**** Record set ****

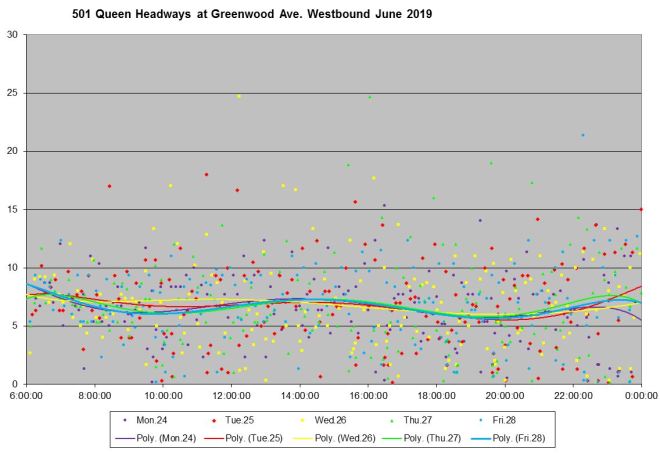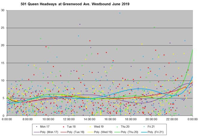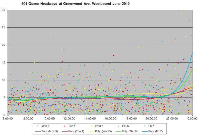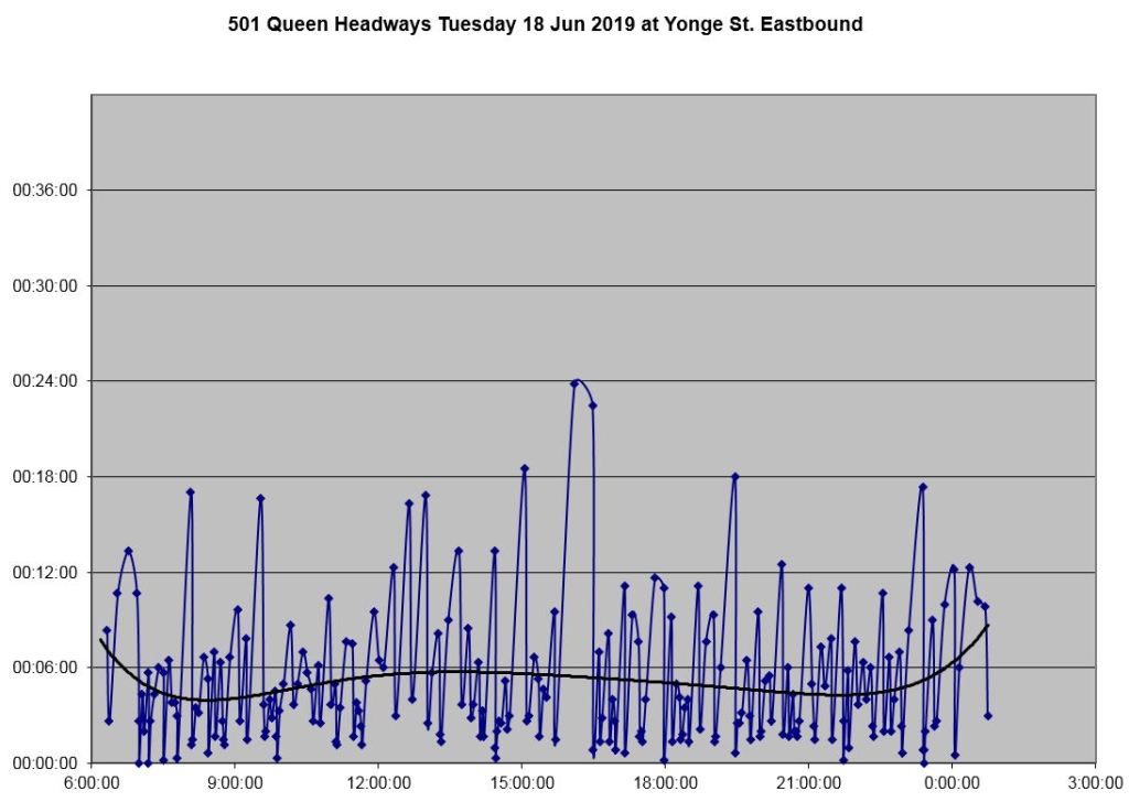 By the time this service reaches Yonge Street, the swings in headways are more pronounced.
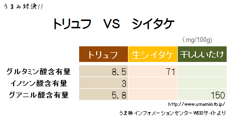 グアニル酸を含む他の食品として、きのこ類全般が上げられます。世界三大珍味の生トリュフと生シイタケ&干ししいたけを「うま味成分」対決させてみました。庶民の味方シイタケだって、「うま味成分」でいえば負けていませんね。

****
**** Record set ****

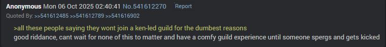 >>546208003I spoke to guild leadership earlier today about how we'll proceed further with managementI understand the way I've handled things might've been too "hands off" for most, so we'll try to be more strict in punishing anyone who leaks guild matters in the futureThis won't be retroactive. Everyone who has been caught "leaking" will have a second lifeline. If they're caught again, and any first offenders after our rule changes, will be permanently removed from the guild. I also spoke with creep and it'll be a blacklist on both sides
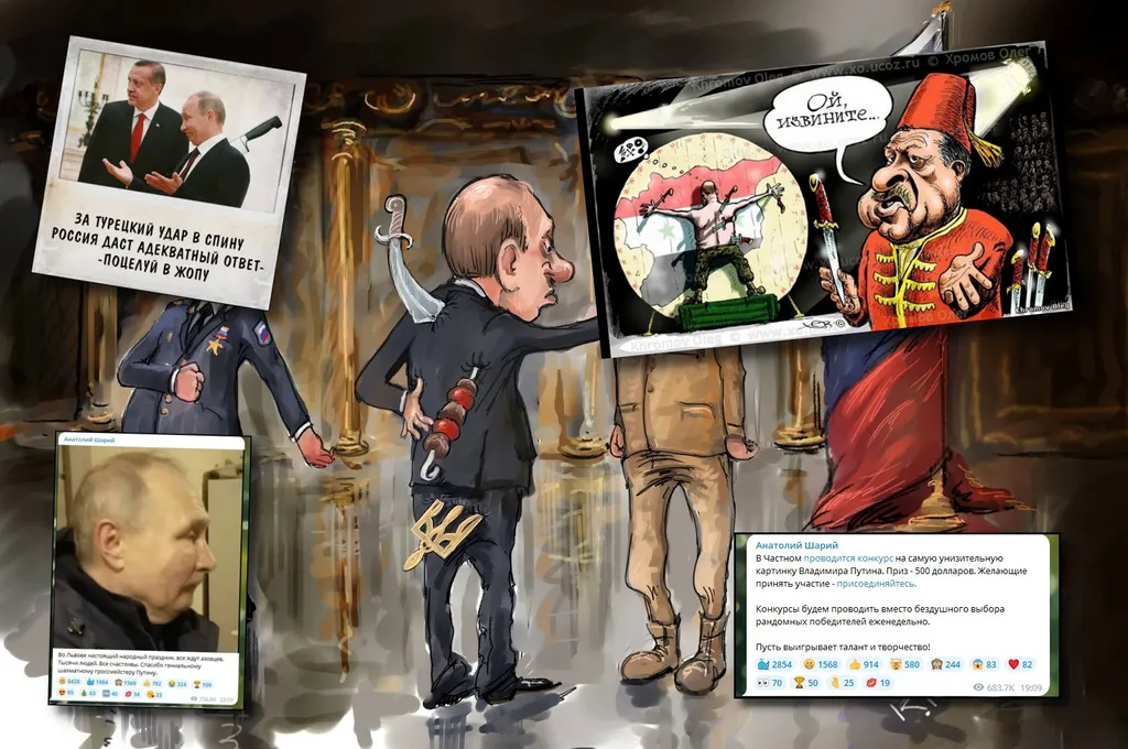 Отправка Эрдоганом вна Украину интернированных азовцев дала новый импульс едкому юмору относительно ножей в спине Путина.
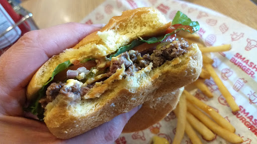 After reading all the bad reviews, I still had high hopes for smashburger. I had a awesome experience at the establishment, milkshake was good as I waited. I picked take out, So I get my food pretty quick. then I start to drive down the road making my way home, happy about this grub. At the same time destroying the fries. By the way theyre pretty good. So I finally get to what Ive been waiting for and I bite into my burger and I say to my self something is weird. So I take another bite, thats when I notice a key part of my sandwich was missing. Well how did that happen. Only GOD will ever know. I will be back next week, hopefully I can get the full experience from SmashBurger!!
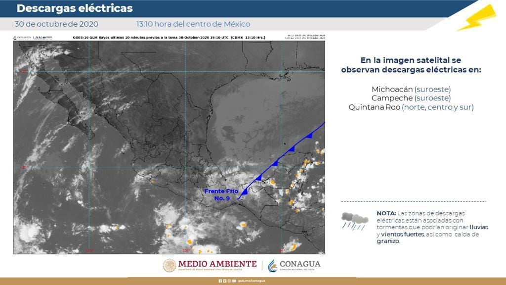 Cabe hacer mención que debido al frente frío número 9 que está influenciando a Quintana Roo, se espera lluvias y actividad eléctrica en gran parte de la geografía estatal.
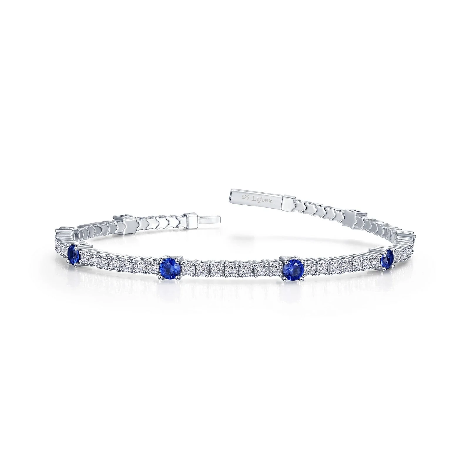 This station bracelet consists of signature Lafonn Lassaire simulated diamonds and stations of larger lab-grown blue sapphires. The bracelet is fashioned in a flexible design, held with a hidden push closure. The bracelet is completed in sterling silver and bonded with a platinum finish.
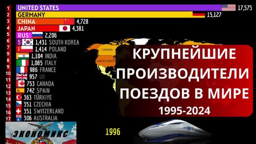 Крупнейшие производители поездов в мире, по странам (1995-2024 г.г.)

****

Task directions ->
Your copy should hold the lines from the one with "By the time" up to and including the one with "グアニル酸を含む他の食品とし", exactly as in the data above, and no pictures.

Output of the task ->
 By the time this service reaches Yonge Street, the swings in headways are more pronounced.
 グアニル酸を含む他の食品として、きのこ類全般が上げられます。世界三大珍味の生トリュフと生シイタケ&干ししいたけを「うま味成分」対決させてみました。庶民の味方シイタケだって、「うま味成分」でいえば負けていませんね。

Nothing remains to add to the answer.